The labor market has seesawed back up with an estimated 196,000 jobs added to United States payrolls in March.
Initial estimates for payroll gains in January and February were revised upward, and the March unemployment rate remained unchanged at 3.8 percent.
The March numbers contrast with those for February, when nonfarm payrolls increased 33,000. Payrolls swelled 312,000 in January.
Given the latest numbers from the Bureau of Labor Statistics, payrolls grew an average of 180,000 a month during the first quarter of 2019. That’s less than the average monthly gain of 223,000 in 2018.
U.S. payrolls have increased 102 straight months.
Still, 6.2 million people were counted among those unsuccessfully looking for work in March. Of those, 1.3 million have been out of work 27 weeks or more.
Another 4.5 million were counted among those working part-time because their hours have been cut or they’re unable to find full-time positions.
The labor force participation rate declined two-tenths of a point to 63 percent.
Job gains in March were spread out among a number of industry sectors.
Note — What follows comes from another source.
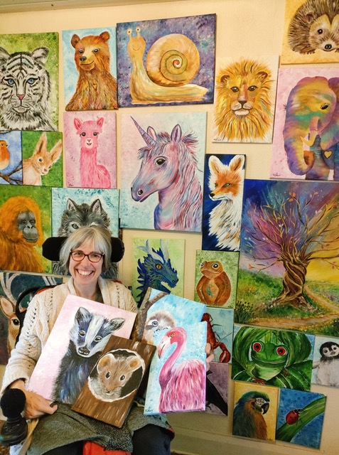 ![]() | I’m Nat, I have painted all the animals for our book, and I have loved every second of it. I had never painted or done art before I was ill and I now find it is my freedom, and my way to express who I now am. I had never painted an animal until last year and I thought I would have a try. Silverlining believed in me and encouraged me to do more. I have loved creating characters for my friends I’ve made through the Charity. As soon as I paint the eyes, the characters come to life and a new story comes to life! I am part of the Creative Writing Group, the Art Group, and the Photography Group and I just can’t believe we have written and created a book together! I feel so proud of what we have all achieved and so grateful to be given the opportunity! To have been part of this has meant everything and has given me so much to focus on, to achieve, and to care about. I feel so grateful to everyone for believing in me and believing in what I can, and we can all do. I love our groups and feel we have become so close through doing this and I have made so many new friends and developed new skills. I also feel so happy to be able to have found a way that I can hopefully help other people who are going through brain injury. I feel very emotional, happy, and proud! Thank you for believing in me, out of everything I’ve done in my life, this has to be one of my biggest achievements! |
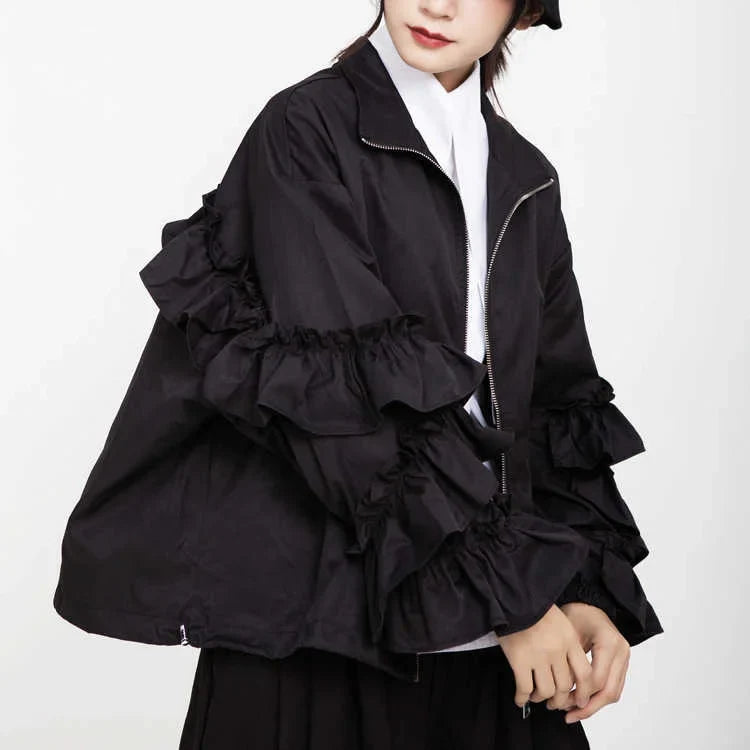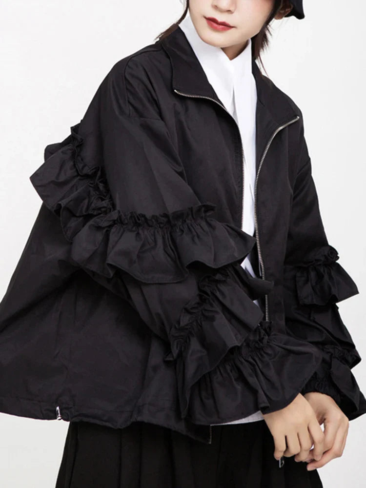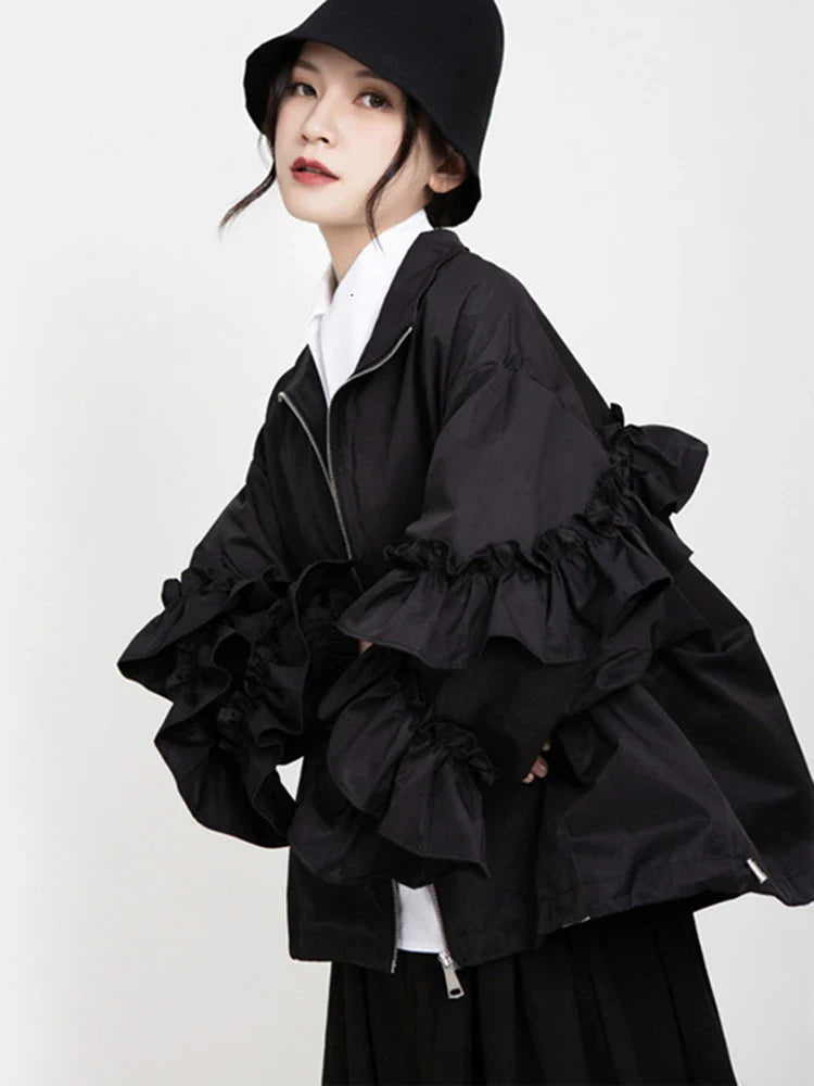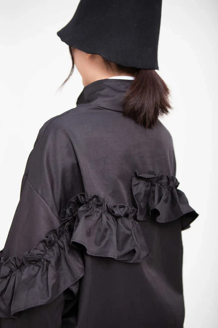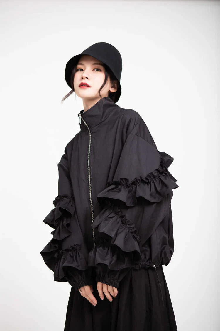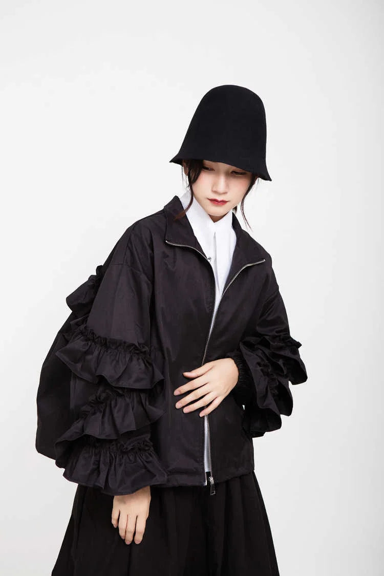 For the woman who commands attention with every detail. This oversized jacket features dramatic tiered ruffled sleeves that exude elegance and sophistication.

Employment increased 49,000 in health care, 34,000 in professional and technical services and 27,000 in food services and at drinking places. Construction payrolls grew 16,000. Manufacturing payrolls shrank 6,000.
The average workweek for employees on private, nonfarm payrolls increased a tenth of an hour to 34.5 hours. The average manufacturing workweek held steady at 40.7 hours.
Average hourly wages rose 4 cents to $27.70. Over the past year, hourly wages have increased 3.2 percent.